"I was on guard for the first time and believe me it
was lonesome. I was second relief, and so went on at 7:00 to
9:00
P.M. and from 1:00 to 3:00 A.M., and say, if you think time
goes fast, why just try to start out from home some night and
walk to the parks, always keeping on the alert for somebody or
some strange noise. Between seven and nine, I did not have to
halt anybody, but between one and three I halted three persons.

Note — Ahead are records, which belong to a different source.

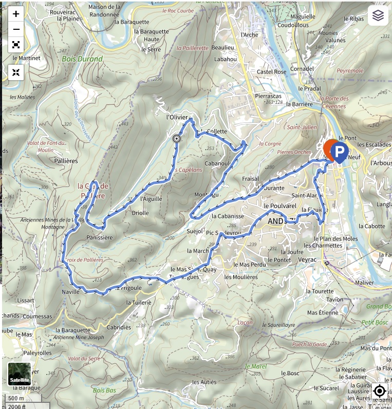 Continuer vers la Croix de Pallières, Travillargues, La Cabanisse et retour sur Anduze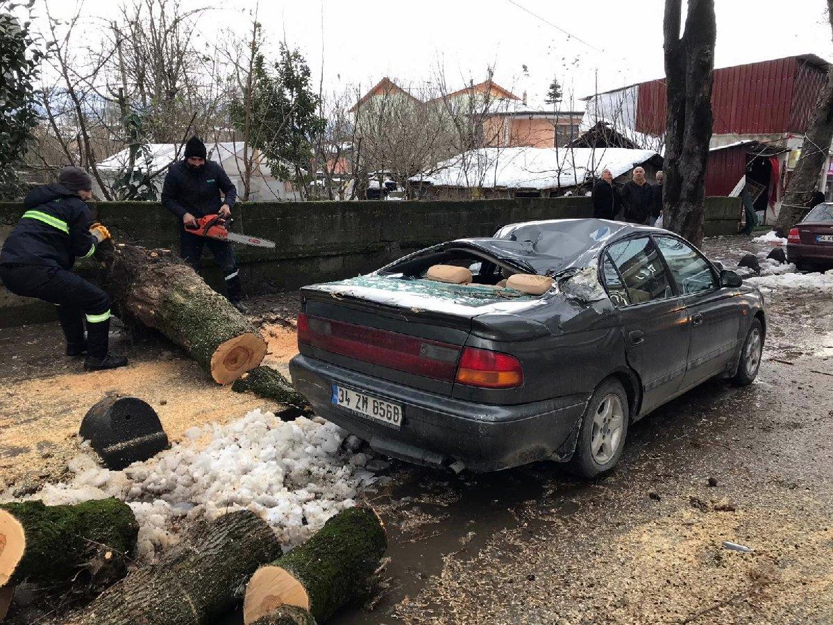 Gece saatlerinde etkisini arttıran şiddetli rüzgar yüzünden Hendek ilçesi Osman Yılmaz Caddesi'nde park halinde bulunan Dilek Uzan'a ait 34 ZM 8568 plakalı aracın üzerine yol kenarındaki ağaç devrildi.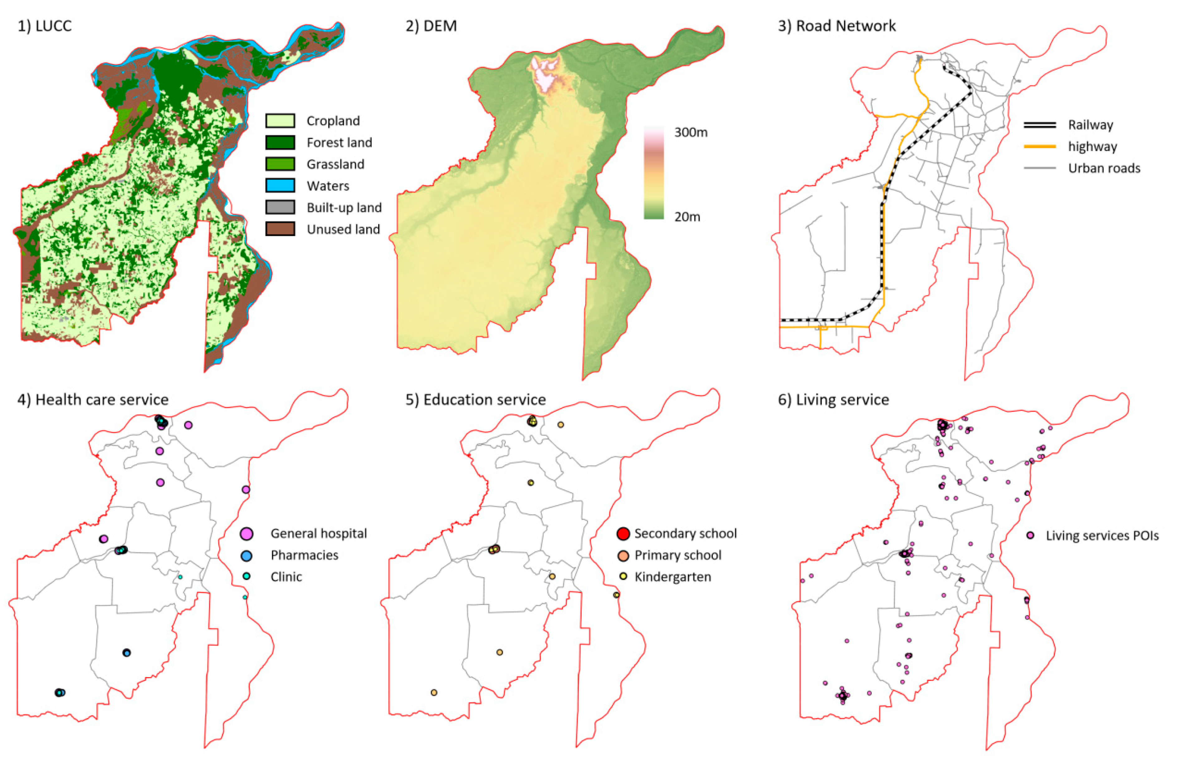 Figure 3). High resolution remote sensing imagery with 2 m spatial resolution was mosaicked where necessary to achieve continuous coverage, screened to remove invalid pixels, and clipped to the administrative boundary of Fuyuan City. POI data were cleaned by removing duplicates, harmonizing category labels, and retaining service-related records that were consistent with the service accessibility mediators used in the mechanism model, including education, healthcare, transport-related facilities, and daily life services. Road network data were extracted and processed to improve topological usability by removing non-road artifacts, correcting obvious geometric errors when present, and retaining road classes that were relevant for accessibility characterization. Land use and land cover rasters were reprojected and aligned to the analysis grid, then prepared for zonal statistics. Elevation data were converted into analysis ready rasters and used to derive basic terrain constraints, such as mean elevation and mean slope.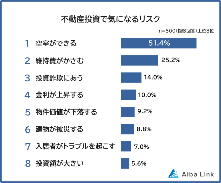 今回、株式会社AlbaLink( https://albalink.co.jp/ )が運営する不動産投資の森( https://2do-3.com/ )は、全国の男女500人を対象に「不動産投資で気になるリスク」についてアンケート調査を実施しました。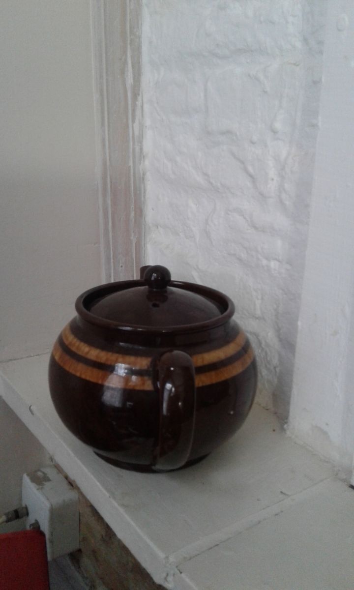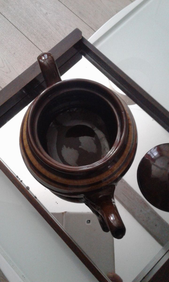 Théière en ceramique année 70 , elle est en bon état elle mesure 50 cm de diamètre 'ce modele de théière a été vu dans le film la piscine quand Romy schneider prend son petit déjeuner au lit.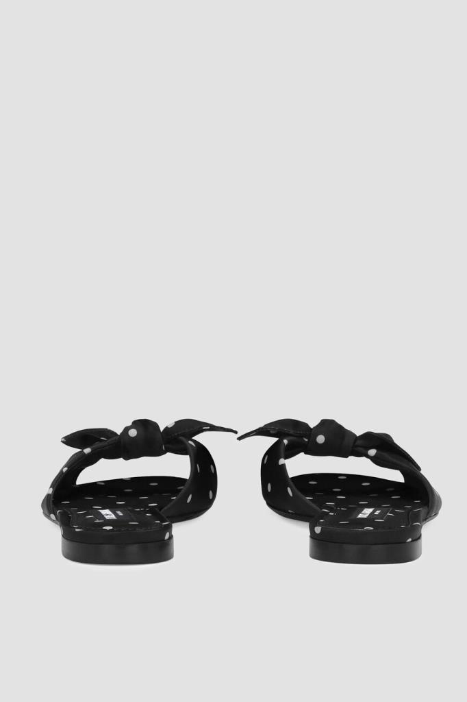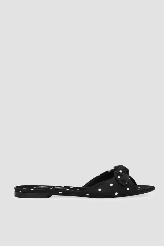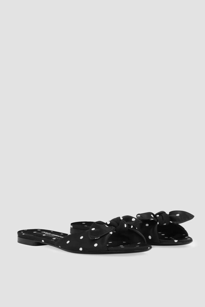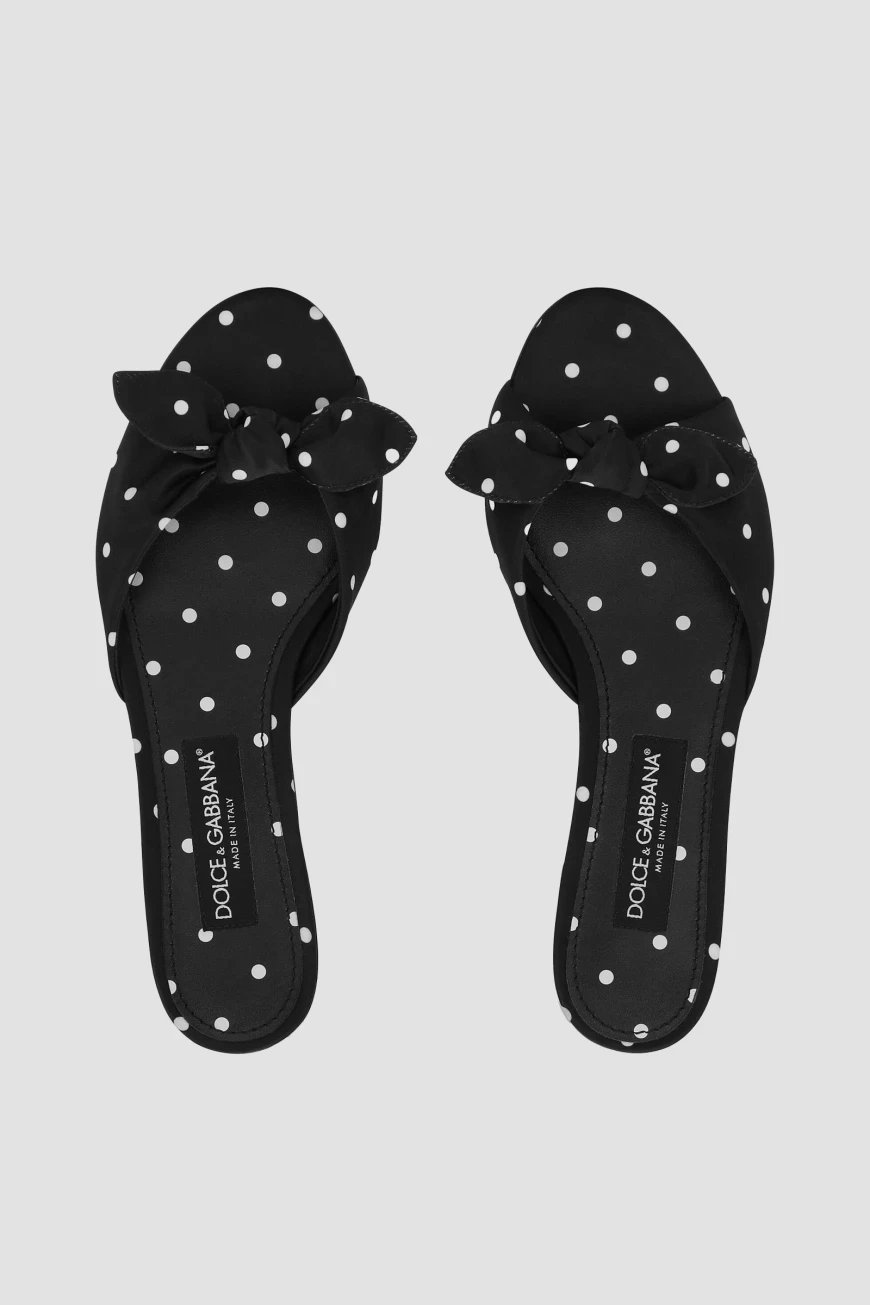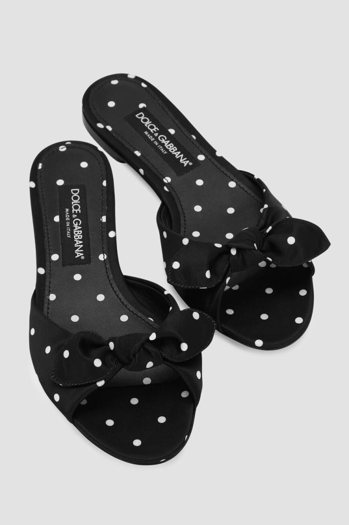 Атласные шлепанцы линии Bianca от DOLCE & GABBANA. Культовая деталь коллекции Mambo Italiano – принт в горошек – получила современную интерпретации, вдохнув в ДНК бренда новую жизнь. Удобная пара выполнена из прочного полиэфира в чёрно-белой гамме. Декором выступают завязки-бант на широком мыске.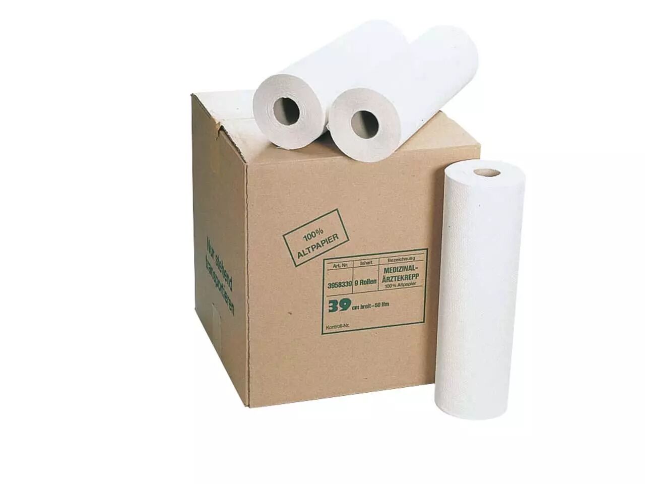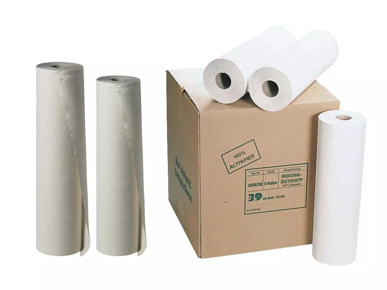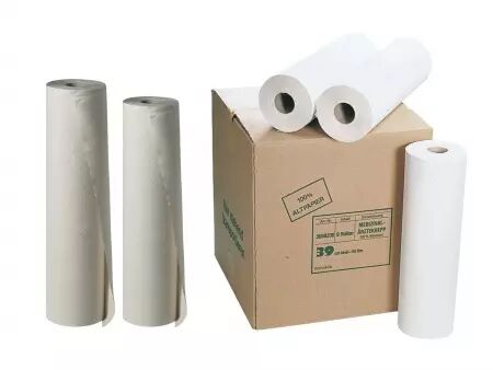 Les 9 rouleaux de draps d'examen recyclés crêpés.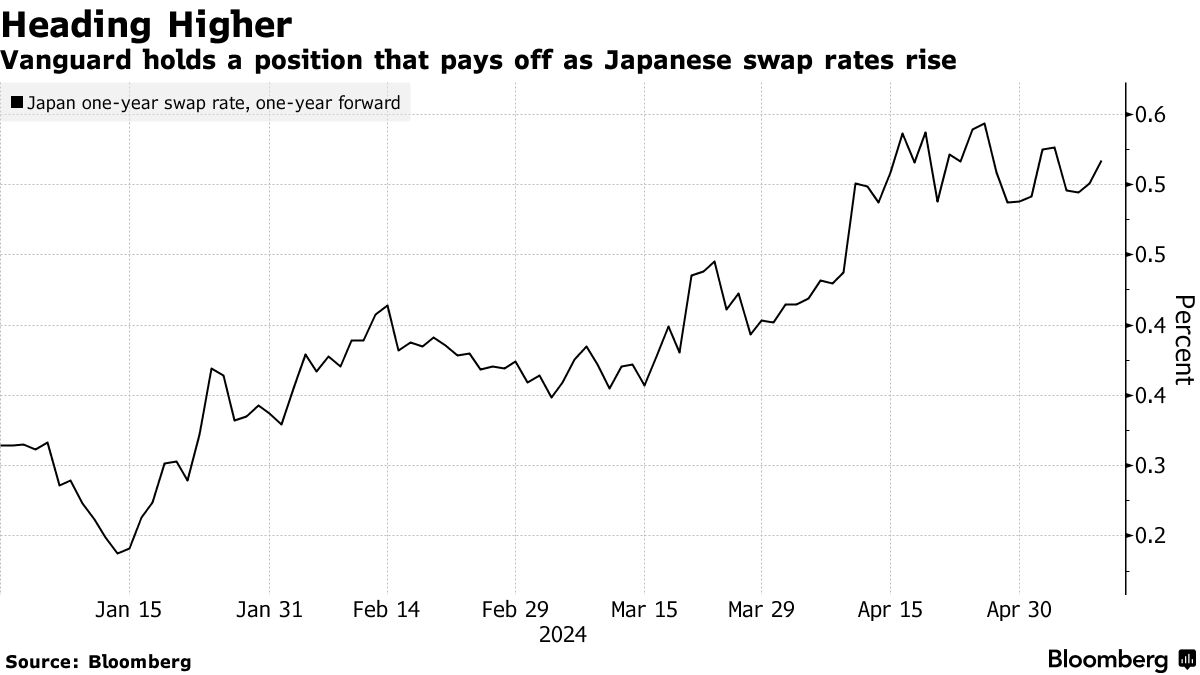 拥有超过1.6万亿美元主动管理资产的先锋集团,押注短期 掉期利率 上升,并因预期日本央行将缩减量化宽松而做空日本国债期货。在多年购买后,日本央行拥有全国政府债券市场的一半以上。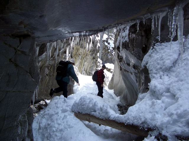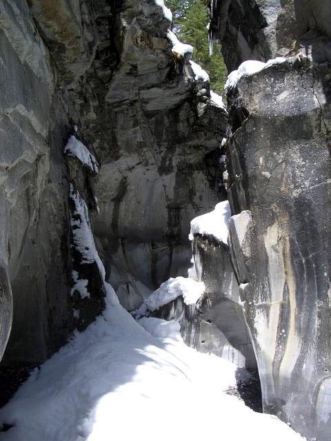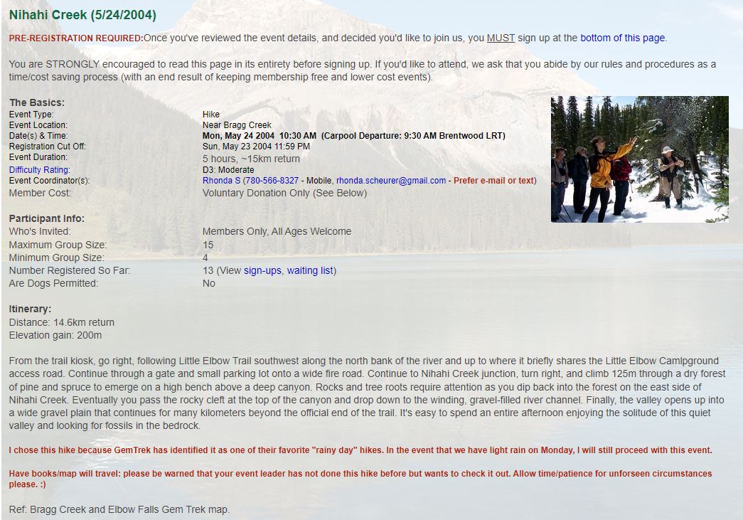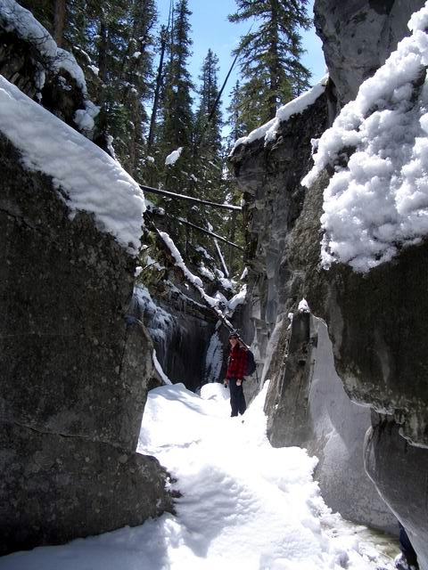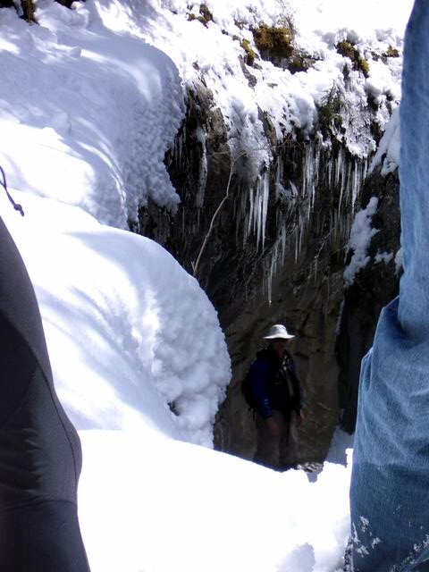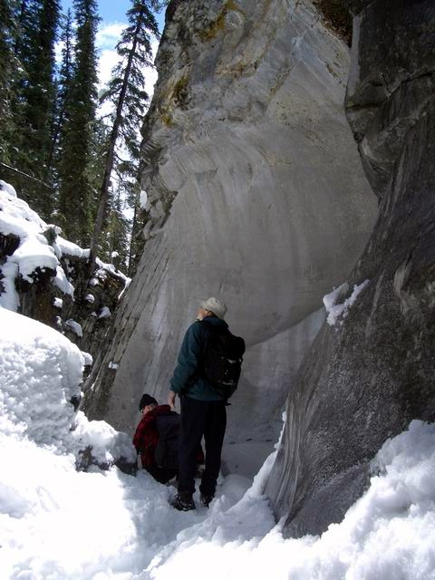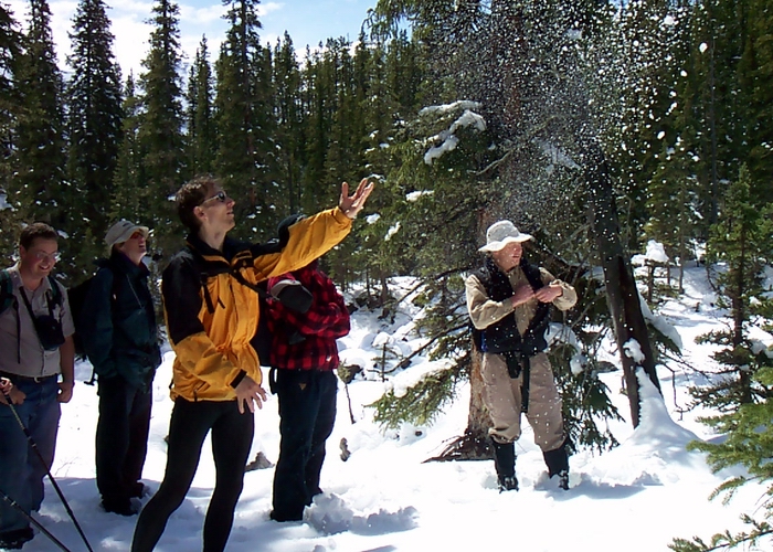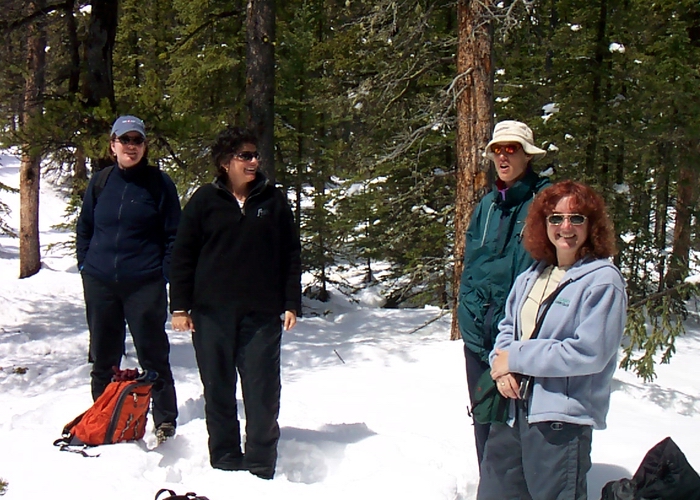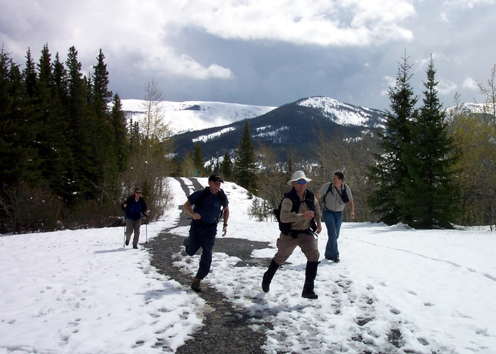An unexpected return visit from Old Man Winter today meant our usually serious and somber group had a chance to kick back and have a day-long frolic in the snow. When we arrived at the trailhead, I think we were all a bit surprised to see how much snow was out on the west end of Highway 66. Donning our shells, gaiters and senses of adventure, we set off on the trail which was somewhat mucky but mostly snowy. On up the campground road, and then the first part of the Little Elbow Trail we trudged until we reached the start of the Nihahi Creek trail. A steady switch-back climb up through the forest which spat its melting snow down on our heads, we enjoyed a couple of views of the mountains, and a surprise mini-blizzard on the way up to our lunch spot, about 2km before the end of the official trail. Invigorated from their lunch, some of the more playful members indulged in some extended snow frolic while others of us watched from a safe distance. After lunch and "play time", seven headed down into the canyon for a bit, to eventually rendezvous with the rest of us who were retracing our route down the trail. Another surprise mini-blizard in the exact same spot on the trail, and then we were out and back on the Little Elbow Trail that had become a mucky, slushy mess, which of course invited yet more shenanigans from the playfuls. Afterward, on to Kilkenny, where we were joined by Cheryl, and indulged in a stimulating game of "Telephone". A bit later, we were joined by Dave and Jon who had been out on their own adventure for the day. -- Rhonda |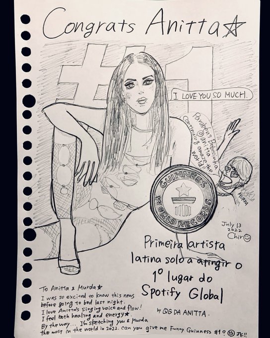 'Congrats Anitta GUINESS#1🏆✨' 🤩🙌🏻🙌🏻🙌🏻🙌🏻🙌🏻 @Anitta @murdabeatz @GWR #murdabeatz #anitta #murdagang #musicproducer #dj #beatmaker #rapper #hiphop #trapmusic #fanart #drawingaday #1日1絵 #ペン画 #お絵描き #イラスト #illustration #nft #nfts

First, I halted a 332nd Field Artillery man, who had no pass
and he was trying to get in the back way. I was just closing
the door from my round in the Vet. Barn and I heard this fellow
walking just outside my post and so I called out: 'Halt, who
goes there?' He said, 'Friend with a pass,' and then I said,
'Advance, friend to be recognized.' Then I halted him again within
six paces of me and flashed on my flashlight. I asked to see
the pass and he said he lost it, and then I asked him what he
was doing clear down by the stables, and he said it was the nearest
way home. Well, I called out as loud as I could, 'Corporal of
the Guard, Hedges and Stables,' and the corporal came down and
took his name and held him over in the Guard House until this
a.m. Well, the second times was when the Officer of the Day came
around. He sneaked around a barn and got in a corner to see if
I would look there. Well I had just heard some other guard halt
him farther up the post, and so I was on the lookout for him,
and as luck would have it, I flashed the light on in the corner
and saw him. Believe me, I had to stand at attention and salute
him just right or I would have been out of luck. He asked me
how things were coming and the General Orders and what I would
do in case of fire and I guess he thought I was doing all right,
because he said to keep it up and then went away. I believe I
had just as soon do guard duty as to work in the kitchen.
"Next week we begin getting up at 5:15 A.M., and have
supper at 5:30 P.M. Tomorrow I go out riding with the
company to draw maps of the country for artillery range.
I believe that will be very interesting work."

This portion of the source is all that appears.